EXERCISE REQUIREMENTS = Each of the entries below is to be written out exactly, and the images skipped.

PROVIDED RECORDS =

──────────

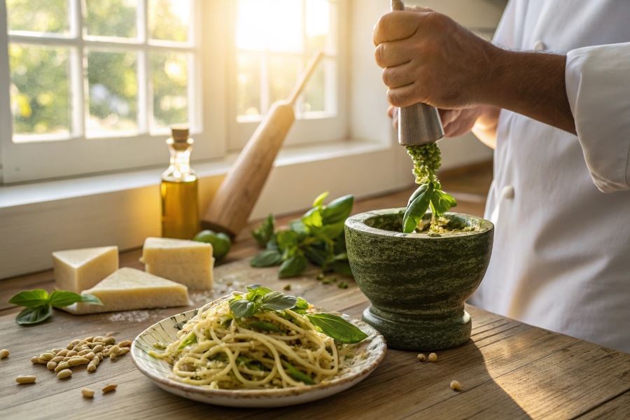 Praktyczna wskazówka: makaron do pesto należy gotować al dente minus 1 minuta, a następnie dokończyć gotowanie w patelni z sosem, co zapewni perfekcyjne połączenie składników i pełniejszy smak.
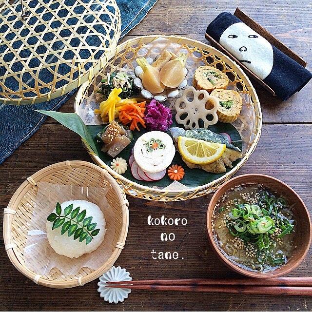 ❁.*⋆✧°.*⋆✧❁ Today's lunch. ・ 作り置きおかず色々のっけ 「花籠膳」。 ・ ・ #こころのたねゴハン ❁.*⋆✧°.*⋆✧°.*⋆✧°❁
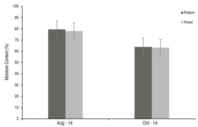 Figure 3: Moisture Content, average and respective standard error, obtained in the August and October campaigns of 2014 for different soil covers (forest and pasture), in the city of Itajaí (SC).
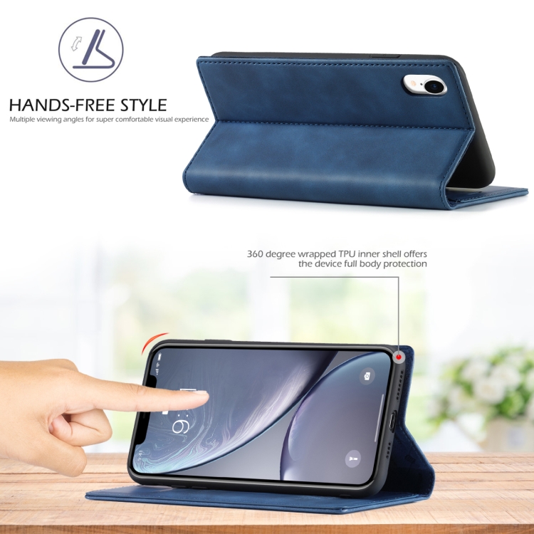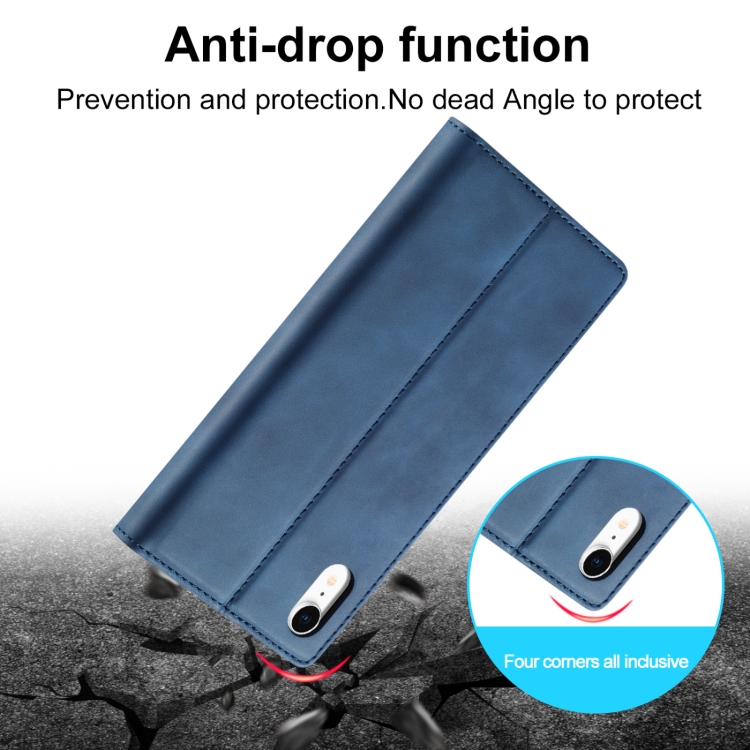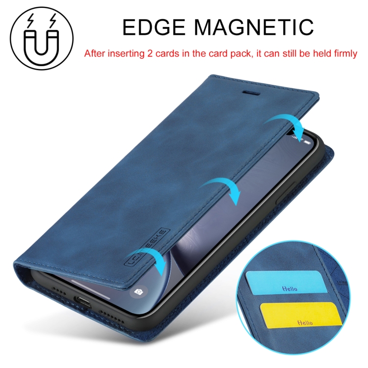 Funda para iPhone Xr Lc.Imeeke Flip Horizontal Ultrafino Magnetismo Fuerte TPU + PU con Soporte y Ranuras (Azul)
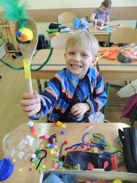 Uczniowie klasy Ib mieli okazję pokazać wszystkim, jak bardzo są kreatywni i pomysłowi. Na zajęciach, dzięki pomocy wychowawcy, zrobiły przepiękne pacynki. Aby je wykonać, użyły drewnianych łyżek ozdobionych kolorowymi materiałami, wełną oraz guzikami. Takie zajęcia plastyczne są dla dzieci wielką frajdą. Nikomu nie zabrakło fantazji!
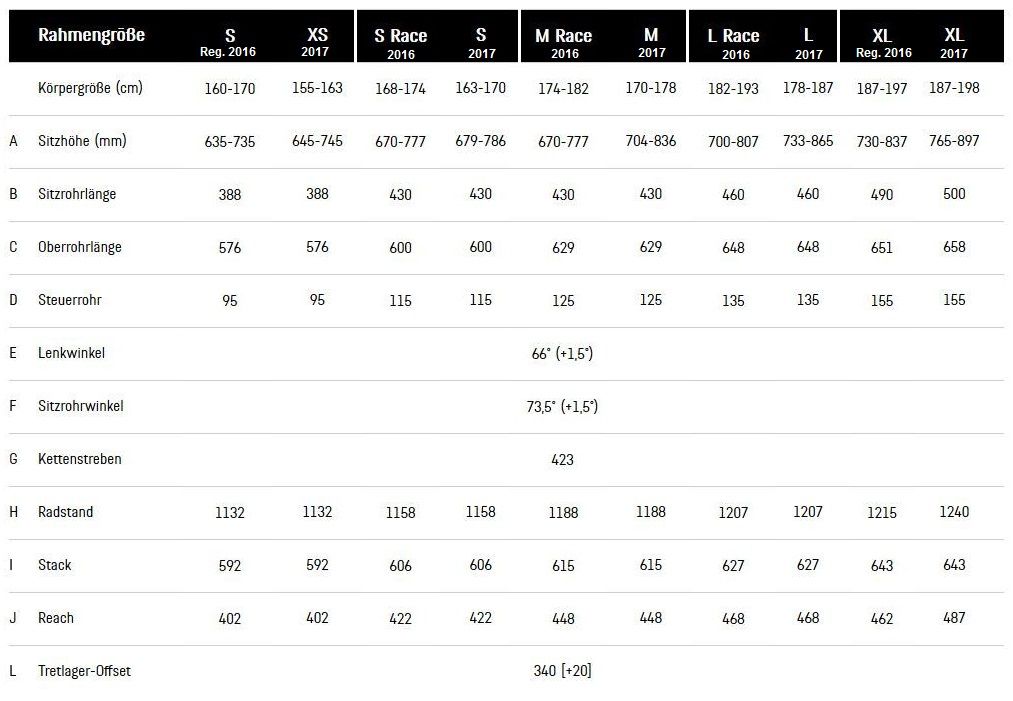 Frage an alle, kann es sein dass das strive 2017 nur noch in der "race" geo zu haben ist, bzw. Gar nicht mehr zwischen regular und race unterschieden wird? Zumindest erscheint mir das so, wenn ich einen blick auf die geo tabellen der 2017er strive modelle werfe.
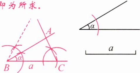 12. 北师大附属实验校本经典题 如图,已知∠α和线段a,用尺规作一个三角形,使其一个内角等于∠α,另一个内角等于2∠α,且这两内角的夹边等于a.
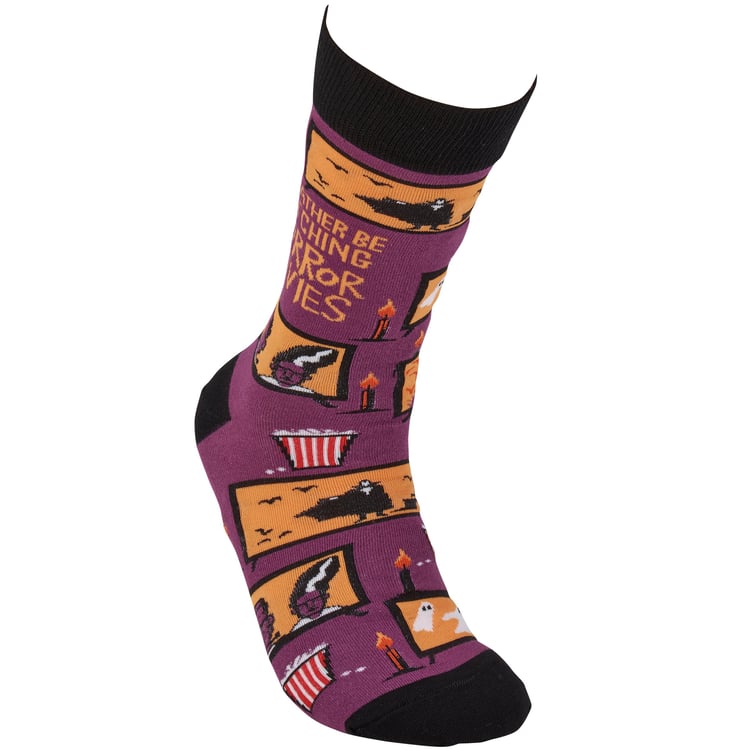 A pair of colorful socks from our Halloween Collection displaying unique hand illustrated designs of TVs playing various horror movies and popcorn with a fun seasonal sentiment that reads "I'd Rather Be Watching Horror Movies." Seasonal socks feature a one size fits most design made with cotton, nylon, and spandex. Our Horror Movies socks come with a header card and a clear plastic hanger for display. A fun Halloween-themed gift perfect for seasonal self-expression.

──────────

TASK ANSWER =
 Praktyczna wskazówka: makaron do pesto należy gotować al dente minus 1 minuta, a następnie dokończyć gotowanie w patelni z sosem, co zapewni perfekcyjne połączenie składników i pełniejszy smak.
 ❁.*⋆✧°.*⋆✧❁ Today's lunch. ・ 作り置きおかず色々のっけ 「花籠膳」。 ・ ・ #こころのたねゴハン ❁.*⋆✧°.*⋆✧°.*⋆✧°❁
 Figure 3: Moisture Content, average and respective standard error, obtained in the August and October campaigns of 2014 for different soil covers (forest and pasture), in the city of Itajaí (SC).
 Funda para iPhone Xr Lc.Imeeke Flip Horizontal Ultrafino Magnetismo Fuerte TPU + PU con Soporte y Ranuras (Azul)
 Uczniowie klasy Ib mieli okazję pokazać wszystkim, jak bardzo są kreatywni i pomysłowi. Na zajęciach, dzięki pomocy wychowawcy, zrobiły przepiękne pacynki. Aby je wykonać, użyły drewnianych łyżek ozdobionych kolorowymi materiałami, wełną oraz guzikami. Takie zajęcia plastyczne są dla dzieci wielką frajdą. Nikomu nie zabrakło fantazji!
 Frage an alle, kann es sein dass das strive 2017 nur noch in der "race" geo zu haben ist, bzw. Gar nicht mehr zwischen regular und race unterschieden wird? Zumindest erscheint mir das so, wenn ich einen blick auf die geo tabellen der 2017er strive modelle werfe.
 12. 北师大附属实验校本经典题 如图,已知∠α和线段a,用尺规作一个三角形,使其一个内角等于∠α,另一个内角等于2∠α,且这两内角的夹边等于a.
 A pair of colorful socks from our Halloween Collection displaying unique hand illustrated designs of TVs playing various horror movies and popcorn with a fun seasonal sentiment that reads "I'd Rather Be Watching Horror Movies." Seasonal socks feature a one size fits most design made with cotton, nylon, and spandex. Our Horror Movies socks come with a header card and a clear plastic hanger for display. A fun Halloween-themed gift perfect for seasonal self-expression.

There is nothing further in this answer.